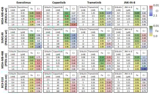 Altogether, the combination of eribulin with everolimus had the most synergistic anti-proliferation effect, especially in MDA-MB-468, MDA-MB-436, and BCX-010 cells, followed by the combinations of eribulin with trametinib or copanlisib, with JNK-IN-8 showing the least synergy. This study indicates that inhibition of mTOR/PI3K signaling by everolimus or by copanlisib may improve the anti-tumor efficacy of eribulin in TNBC. Among the tested cell lines, BCX-010 cells, followed by MDA-MB-468 cells, showed the most synergistic response to all the tested combination treatments.
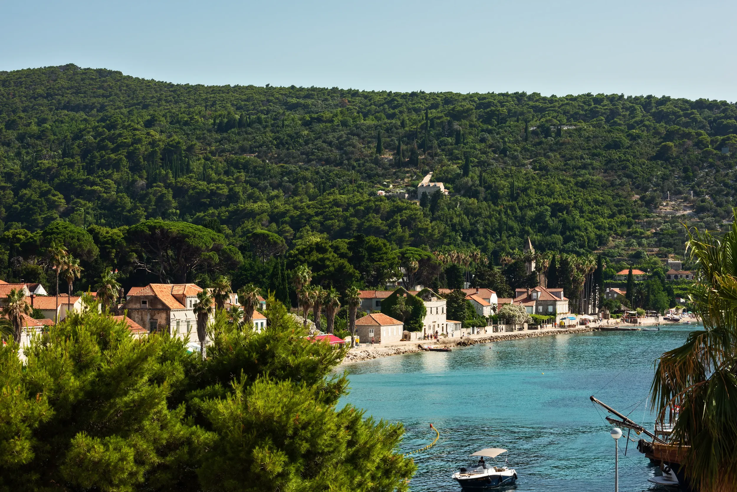 Lopud has no traffic, no sprawling marina scene, and none of the visual clutter that can accompany more developed summer destinations. Stone lanes, palms, citrus trees, church towers, gardens, and sea views define the landscape. The pace is slower, but never sleepy. It feels elegant rather than staged.
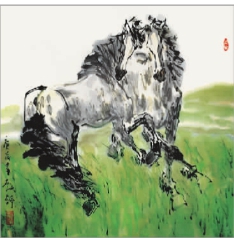 其實,編輯這個版面,十分糾結——劉勃舒、何韻蘭兩位先生,并不是典型的夫妻共同創作型畫家——曾是徐悲鴻關門弟子、如今作為中國美協顧問的劉勃舒,以“勃舒馬”揚名畫壇,早年作品嚴謹、工致,并以能夠充分抒發性情的草書入畫,在繪畫語言上有了拓展和發揮。他以馬寫心,以馬言志,筆墨淋漓酣暢,生動灑脫,體現了深厚的藝術造詣和瀟灑的藝術個性。除了畫馬以外,劉勃舒先生其他題材的中國畫作品以及書法創作,皆筆墨自由、暢快,顯示了他不拘泥于形似的閑適、自在的藝術狀態。
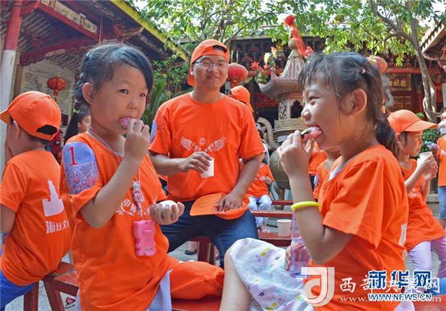 為進(jìn)一步豐富廣大外來務(wù)工人員子女的暑期生活,福建省泉州市泉港區(qū)先后邀請轄區(qū)130多戶外來務(wù)工人員家庭,一起參觀當(dāng)?shù)胤逦补懦?,體驗(yàn)海絲文化。新華社發(fā)(林弘梫 攝)
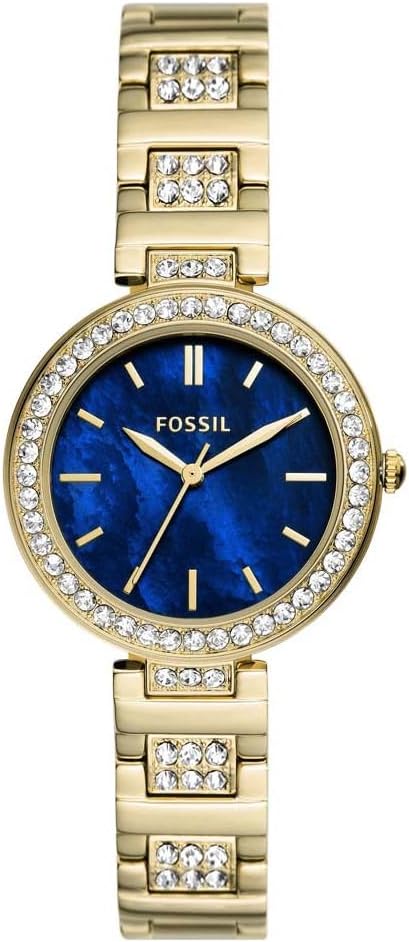 - Embrace timeless elegance with the KARLI watch featuring a 32 mm gold-tone stainless steel case and a striking blue Mother-Of-Pearl dial.
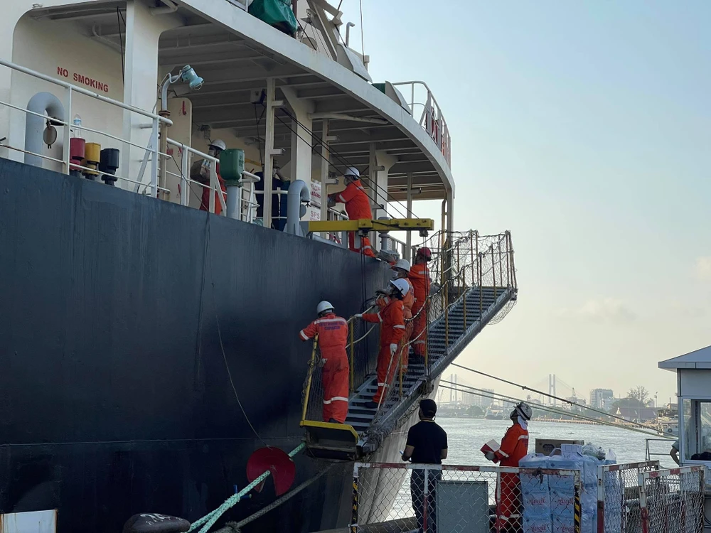 Cụ thể, hơn 6 giờ sáng ngày 10-5, những hình ảnh đầu tiên về tàu Kaisa chở đoàn tàu số 2 và số 3 của tuyến metro số 1 đã chính thức cập cảng Khánh Hội (quận 4). Các thuyền viên, nhân viên cảng đang làm thủ tục cập cảng, neo đậu tàu.

Required work: Skip all pictures. Write out only the lines from the one containing "- Embrace timeless" to the end of the listing above, inclusive, exactly as given.

Result of this exercise:
 - Embrace timeless elegance with the KARLI watch featuring a 32 mm gold-tone stainless steel case and a striking blue Mother-Of-Pearl dial.
 Cụ thể, hơn 6 giờ sáng ngày 10-5, những hình ảnh đầu tiên về tàu Kaisa chở đoàn tàu số 2 và số 3 của tuyến metro số 1 đã chính thức cập cảng Khánh Hội (quận 4). Các thuyền viên, nhân viên cảng đang làm thủ tục cập cảng, neo đậu tàu.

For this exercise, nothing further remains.